> [YOUR ASSIGNMENT]:
Pictures are not repeated. Every line from the beginning of the entries through the one with "人家陈伟霆不但与何穗在一起了" is restated exactly.
DATA PROVIDED START
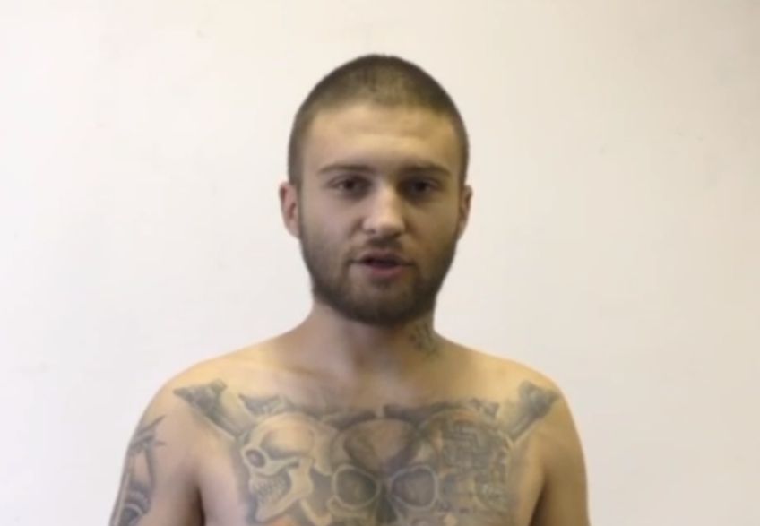 Пленный украинец появляется на видео с голым торсом, на котором хороши видны многочисленные татуировки националистического содержания.
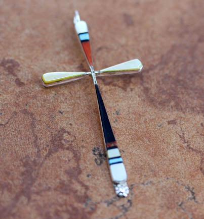 Sterling Silver Zuni Multi-Stone Cross Pendant
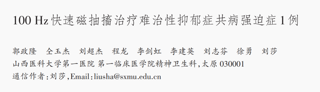 ? 參考文獻(xiàn):郭政隆,仝玉杰, 劉超杰, 等. 100 Hz快速磁抽搐治療難治性抑郁癥共病強迫癥1例[J]. 中華精神科雜志,2024, 57(1): 42-46. DOI: 10.3760/cma.j.cn113661-2023-0809-00027.
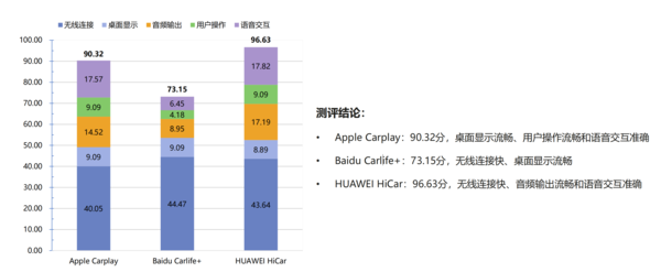 此次,ICCE從連接、音(yīn)頻(pín)、視頻(pín)、操控和(hé)交互場(chǎng)景五大(dà)維度入手,針對(duì)Apple Carplay、Baidu Carlife+、HUAWEI HiCar等主流手機-汽車互聯方案,随機選取6款車進行了(le)測評。從報告結果來(lái)看,大(dà)多(duō)數手機-汽車互聯方案體驗可(kě)達到85分(fēn)以上,能較好滿足用(yòng)戶需求;其中HUAWEI HiCar獲得(de)96.63分(fēn),在所有測評方案中獲得(de)第一名,其在無線連接、音(yīn)頻(pín)輸出和(hé)語音(yīn)交互這(zhè)三個(gè)方面擁有突出優勢。
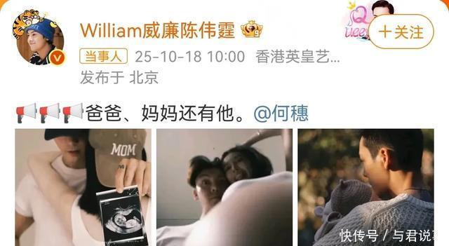 人家陈伟霆不但与何穗在一起了,而且还悄咪咪生娃了呢! 陈伟霆和何穗同步发文官宣生子,配文就六个字“爸爸、妈妈还有他”,后面都跟了三张照片。
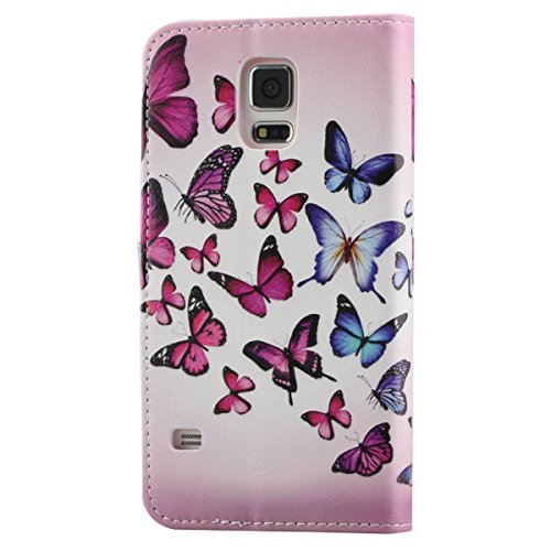 Samsung Galaxy S5 Custodia, Ukayfe Custodia portafoglio / wallet / libro in pelle - 4D Disegni Fiore Sollievo, Cover elegante e di alta qualità, Ukayfe Moda Deisng stampa dell'unità di elaborazione di vibrazione del cuoio magnetico della copertura della cassa del foglio con la copertura del supporto di carta del basamento di caso del basamento di protezione per Samsung Galaxy S5 con Stilo Penna-Rosso Farfalla
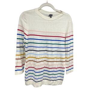 Talbots White Rainbow Striped Medium Sweater Cashmere Lightweight
DATA PROVIDED END
> [WRITTEN ANSWER]:
 Пленный украинец появляется на видео с голым торсом, на котором хороши видны многочисленные татуировки националистического содержания.
 Sterling Silver Zuni Multi-Stone Cross Pendant
 ? 參考文獻(xiàn):郭政隆,仝玉杰, 劉超杰, 等. 100 Hz快速磁抽搐治療難治性抑郁癥共病強迫癥1例[J]. 中華精神科雜志,2024, 57(1): 42-46. DOI: 10.3760/cma.j.cn113661-2023-0809-00027.
 此次,ICCE從連接、音(yīn)頻(pín)、視頻(pín)、操控和(hé)交互場(chǎng)景五大(dà)維度入手,針對(duì)Apple Carplay、Baidu Carlife+、HUAWEI HiCar等主流手機-汽車互聯方案,随機選取6款車進行了(le)測評。從報告結果來(lái)看,大(dà)多(duō)數手機-汽車互聯方案體驗可(kě)達到85分(fēn)以上,能較好滿足用(yòng)戶需求;其中HUAWEI HiCar獲得(de)96.63分(fēn),在所有測評方案中獲得(de)第一名,其在無線連接、音(yīn)頻(pín)輸出和(hé)語音(yīn)交互這(zhè)三個(gè)方面擁有突出優勢。
 人家陈伟霆不但与何穗在一起了,而且还悄咪咪生娃了呢! 陈伟霆和何穗同步发文官宣生子,配文就六个字“爸爸、妈妈还有他”,后面都跟了三张照片。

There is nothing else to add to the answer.